Toetsing aan de Kelderluik-criteria door de rechtbank

Gevaarlijke situatie

De vraag is of de gemeente een situatie in het leven heeft geroepen die bij niet-inachtneming van de vereiste oplettendheid en voorzichtigheid gevaarlijk is. Het ondiepe deel in het water bij de Bogortuin is op zichzelf niet gevaarlijk. Het gaat over een klein deel ondiep water. Het gevaar doet zich voor als iemand in het ondiepe deel duikt of springt. De bodem van het ondiepe deel is niet altijd zichtbaar. Doordat de gemeente de Bogortuin als wildzwemplek beschouwt – een plek waar je mag zwemmen – en deze ook als zodanig (direct of indirect) promoot en ook faciliteert, heeft zij een situatie in het leven geroepen die bij niet-inachtneming van de vereiste oplettendheid en voorzichtigheid gevaarlijk is.

Gedrag bezoekers, kans op ongevallen & ernst van de gevolgen

Uit de overgelegde stukken blijkt volgens de rechtbank dat de gemeente op de hoogte moest zijn van het (massaal) springen en duiken van bezoekers vanaf de kade van de Bogortuin in het water. Dit moet zijn opgevallen. De gemeente dient daarom met onoplettend en onvoorzichtig gedrag van de bezoekers rekening te houden. De kans dat uit dat gedrag ongevallen ontstaan wordt in dit voor publiek toegankelijk, zomerse dagen drukbezochte gebied, groot geacht. Het duiken of springen in ondiep water kan zeer ernstige gevolgen hebben.

Is het nemen van veiligheidsmaatregelen bezwaarlijk?

De gemeente was verplicht om bij de Bogortuin veiligheidsmaatregelen te treffen om een gevaarlijke situatie te voorkomen, nu de onoplettendheid en onvoorzichtigheid van de bezoekers voorzienbaar was. De gemeente had moeten waarschuwen voor het ondiepe water. Het treffen van een dergelijke maatregel (dieptes ter plaatse aangeven met pictogrammen of borden) is niet bezwaarlijk en kan van de gemeente worden gevergd.  Als er ten tijde van het ongeval een waarschuwingsbord had gestaan bij het ondiepe deel van het water, is het aannemelijk dat het slachtoffer besef had gehad van het gevaar en de duik niet had gemaakt. Het zien van een waarschuwingsbord voor ondiep water op de plek waar iemand wil duiken, geeft een onmiddellijk besef van de gevaarlijkheid van het duiken.

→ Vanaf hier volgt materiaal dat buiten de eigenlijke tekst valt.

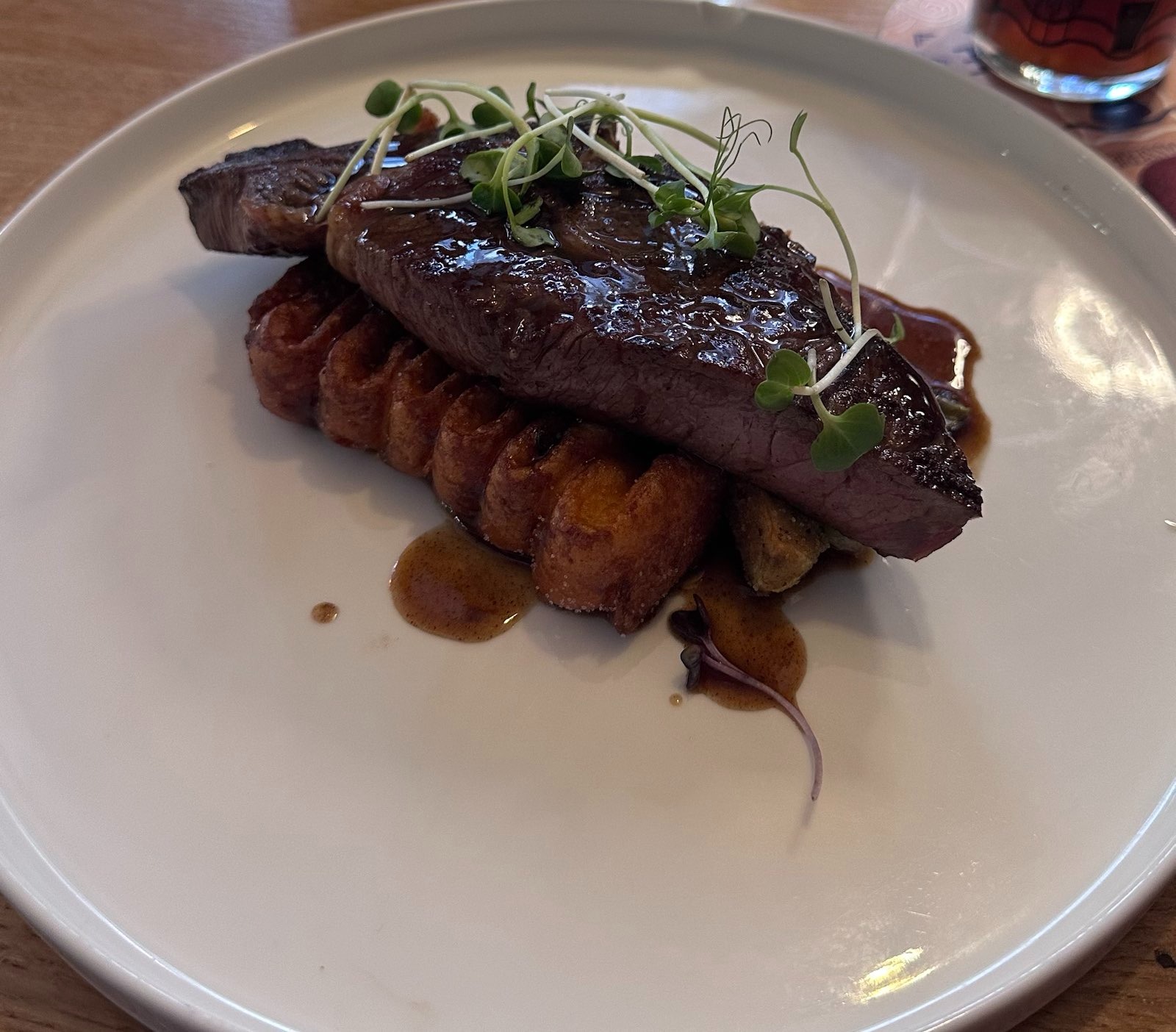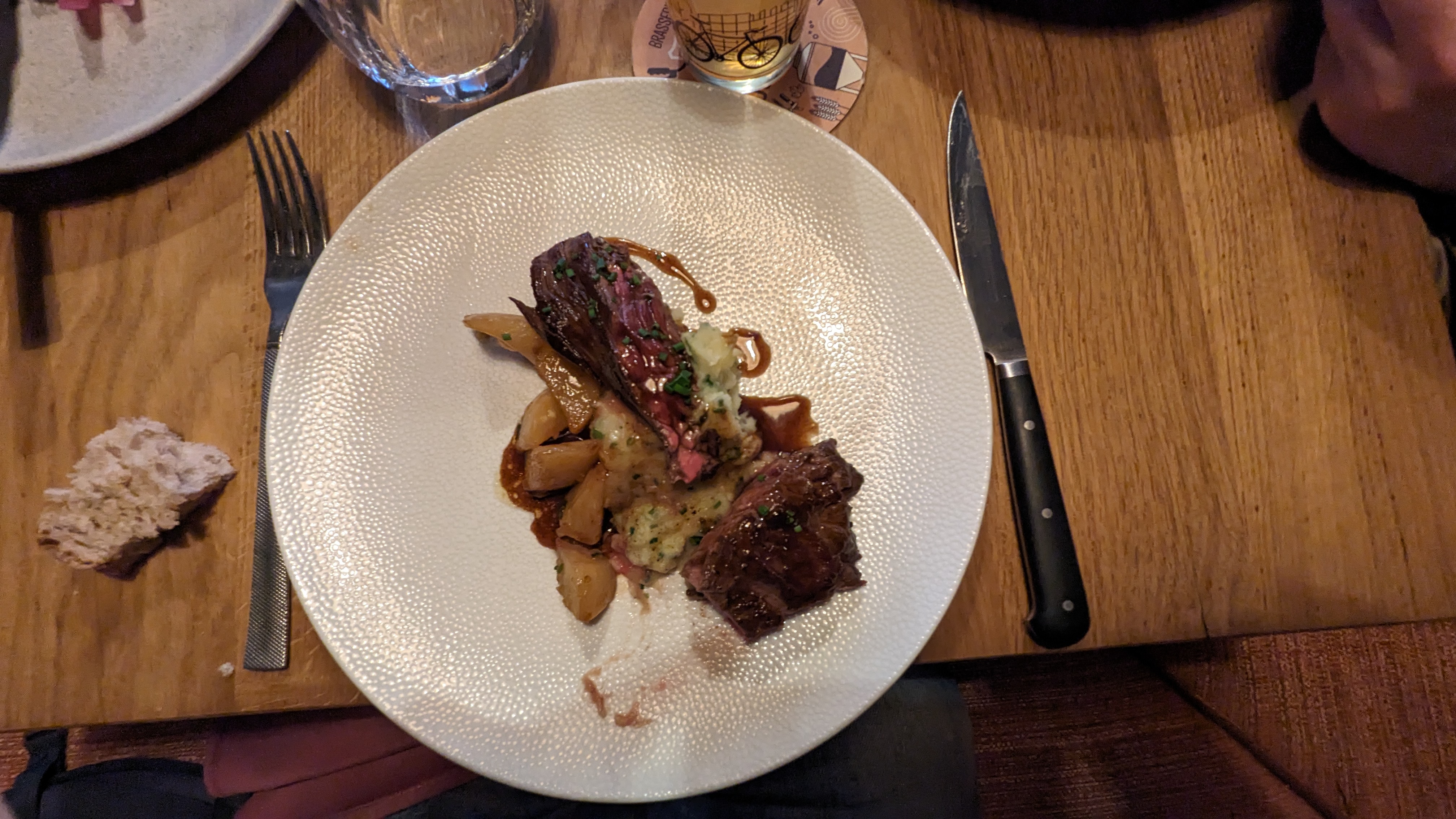 Un des meilleurs steaks que j'ai goûté ! Le bœuf était cuit à la perfection, tendre, juteux et savoureux. Bonne nourriture, excellent service!

Eigen schuld en billijkheidscorrectie

De rechtbank oordeelt dat het slachtoffer voor de helft (50%) eigen schuld heeft aan het ongeval. Hij is zonder dat hij zich heeft vergewist van de diepte van het water, het water in gedoken. Hij had eerst moeten kijken hoe diep het water was omdat de bodem van het water niet zichtbaar was en het geen officiële zwemlocatie was. Het slachtoffer heeft dus in belangrijke mate bijgedragen aan het ongeval. Hij heeft niet de voorzichtigheid betracht, die hij in acht had moeten nemen.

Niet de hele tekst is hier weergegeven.